From: Dmitrij Tejblum <dima@tejblum.dnttm.rssi.ru>
To: "Daniel M. Eischen" <eischen@vigrid.com>
Cc: freebsd-gnats-submit@FreeBSD.ORG, jb@FreeBSD.ORG
Subject: Re: kern/8375: pthread_cond_wait() spins the CPU 
Date: Sat, 24 Oct 1998 03:22:31 +0400

 Daniel, 
 
 IMO, your _thread_kern_sched_[un]lock() is a bad idea. Theses functions 
 defeat the idea of spinlocks. What is the need to do _SPINLOCK/_SPINUNLOCK 
 when scheduling is blocked? Your code do it a lot. OTOH, spinlocks are 
 designed exactly to make rescheduling harmless. And they works; the only 
 problem is that spinlocks are released in a bit wrong time. (BTW, why you 
 disable scheduling in pthread_cond_signal and pthread_cond_broadcast?)
 
 The whole concept of disabling the scheduler is suspicious. There are data 
 structures, they has to be locked sometimes to provide atomic access to 
 them; why ever disable scheduling?
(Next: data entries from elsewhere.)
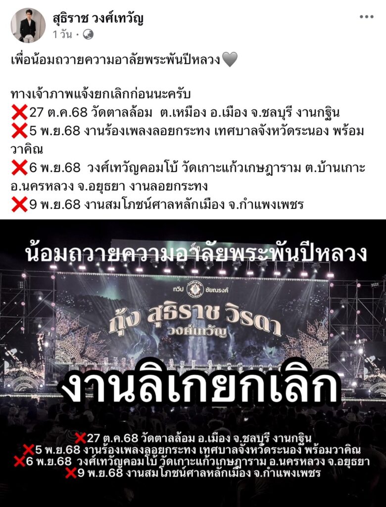 “กุ้ง สุธิราช“ ได้ออกมาประกาศการตัดสินใจยกเลิกงานลิเกอย่างชัดเจน รวมระยะเวลาเกือบสองสัปดาห์ ตั้งแต่วันที่ 27 ตุลาคม 2568 ไปจนถึงวันที่ 9 พฤศจิกายน 2568 ซึ่งรวมถึงงานสำคัญต่างๆ ทั้งงานกฐิน และงานเทศกาลลอยกระทงที่ได้รับไว้ เพื่อน้อมถวายความอาลัยพระพันปีหลวง
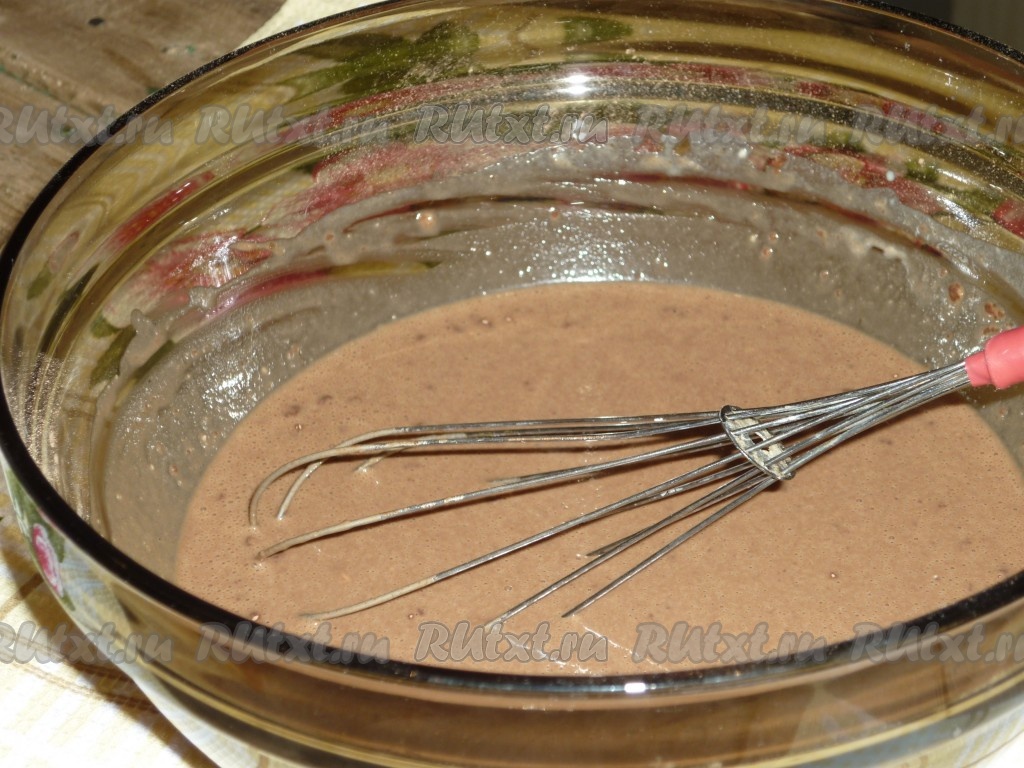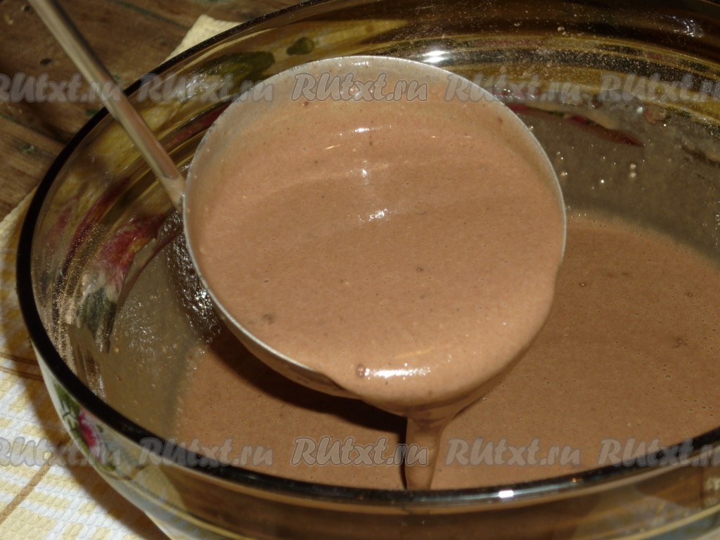 В получившуюся шоколадно-кофейное блинное тесто влить растительное масло, ещё раз тщательно перемешать. Тесто получится однородным, ароматным, в меру густым, как на фото.
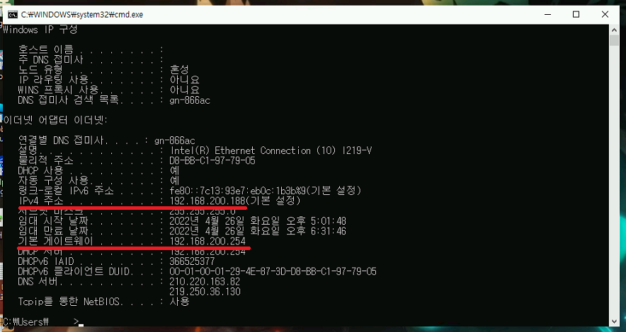 5. 우리가 필요한건 이 컴퓨터의 IPv4 주소와 기본 게이트웨이 주소입니다.
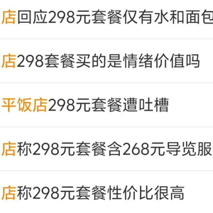 另据潮新闻报道,工作人员接受记者询问时称,由于近期引发的热议,目前298元套餐在团购平台暂时未开放购买,游客可以在官方公众号了解套餐详情和下单。
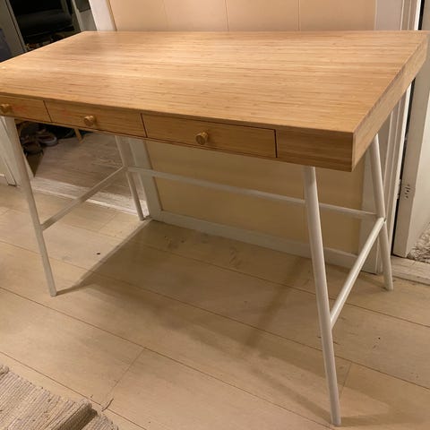 Pent brukt skrivebord og et pent møbel. Fungerer fint som avlastningsbord/konsollbord.
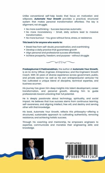 This book "Automate Your Growth" is your blueprint for unlocking unstoppable success by becoming an authentic personality. In this transformative guide, the author "Pradeepkumar K Padmanabhan" comes out with a sustainable solution to help you break free from resistance, cultivate authenticity, and achieve holistic growth in health, wealth, relationships, career, and beyond. By committing just 12 minutes a day, you'll discover your authentic personality, and it naturally develops the six core qualities-courage, clarity, consistency, capacity, consciousness, and caring-that drive true success. Rooted in timeless principles and practical action points, this book empowers you to automate your growth and create a life of prosperity, freedom, and purpose. Don't miss this opportunity to automate your journey to greatness and live the life you've always dreamed of!
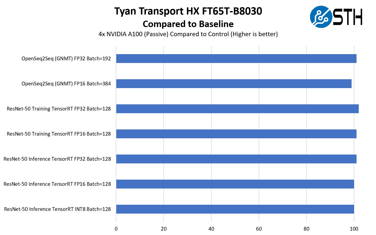 In general, we actually saw a better performance, due to very slightly lower temps than in the 2U GPU servers we have tested. We have seen 1U servers perform slightly worse and this 4U platform performs better with these same four NVIDIA A100 GPUs.
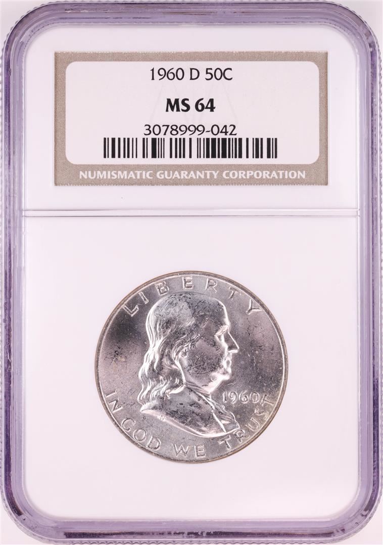 One 1960-D Franklin Half Dollar Coin NGC MS64. NGC Certified.
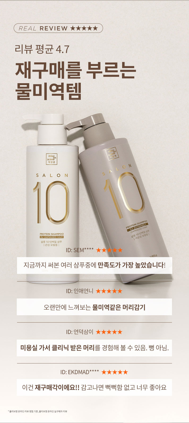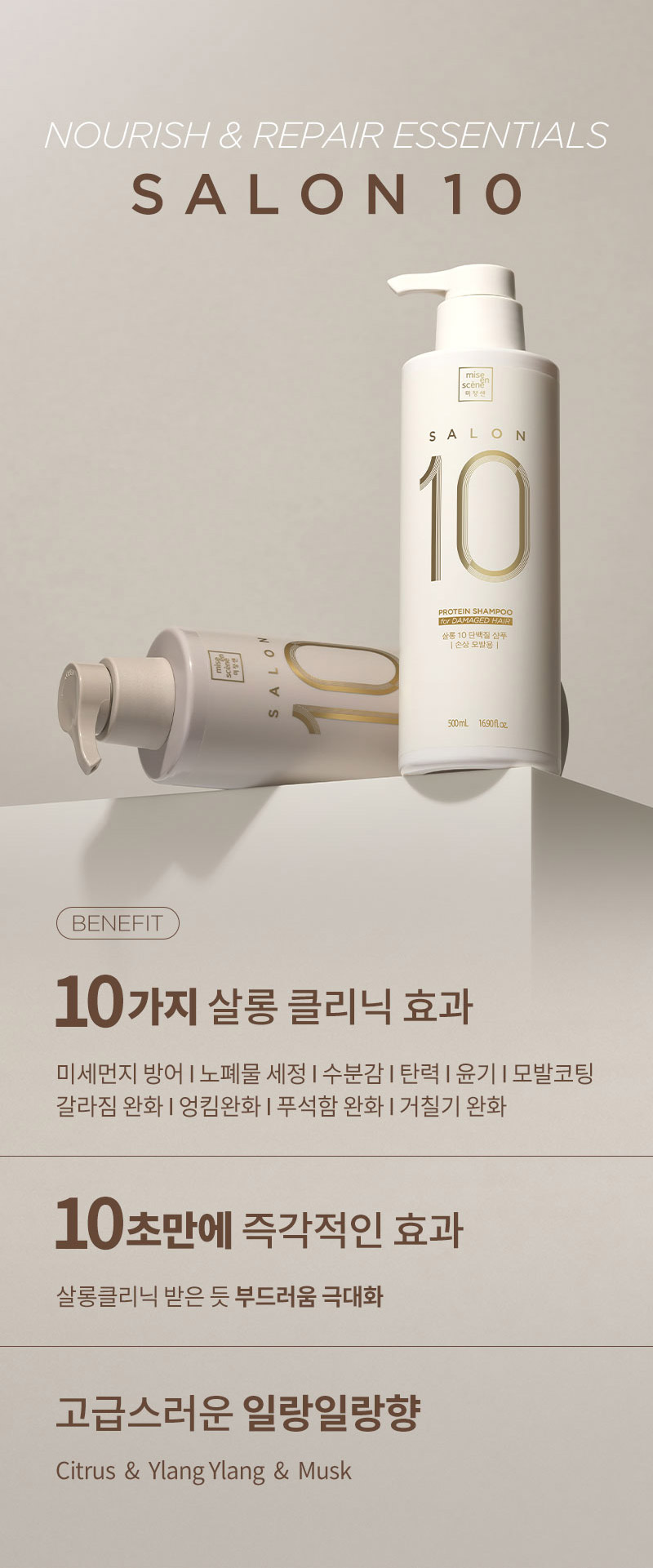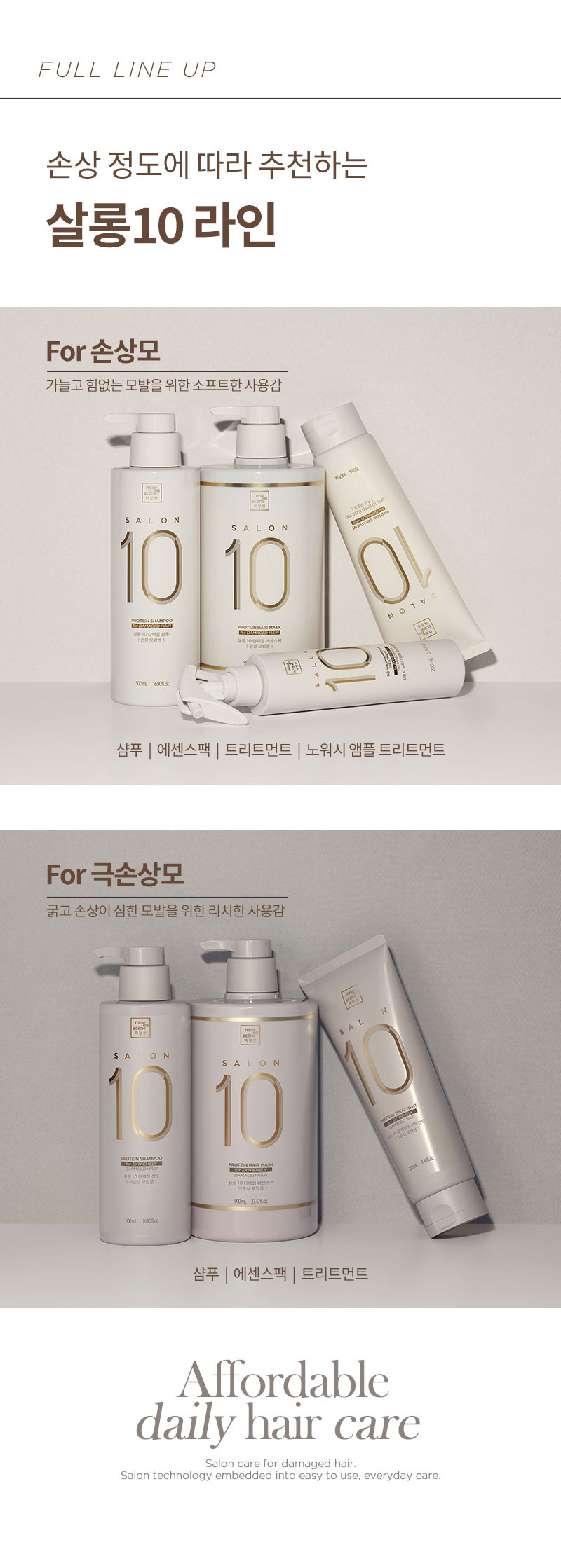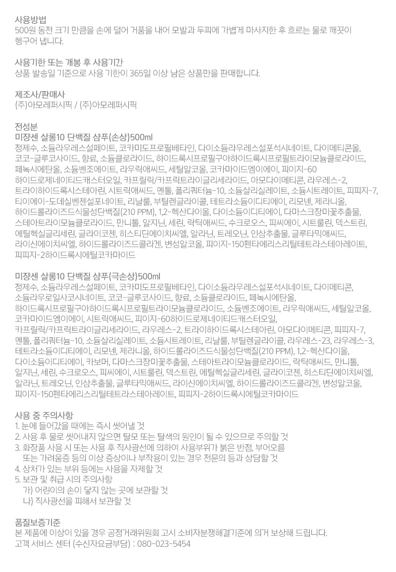 살롱10 단백질 샴푸 500ml+트리트먼트 250ml (손상모) SET

Just lock and unlock properly...
 
 Dima
 
 

From: Daniel Eischen <eischen@vigrid.com>
To: dima@tejblum.dnttm.rssi.ru, eischen@vigrid.com
Cc: freebsd-gnats-submit@FreeBSD.ORG, jb@FreeBSD.ORG
Subject: Re: kern/8375: pthread_cond_wait() spins the CPU
Date: Sat, 24 Oct 1998 00:28:38 -0400 (EDT)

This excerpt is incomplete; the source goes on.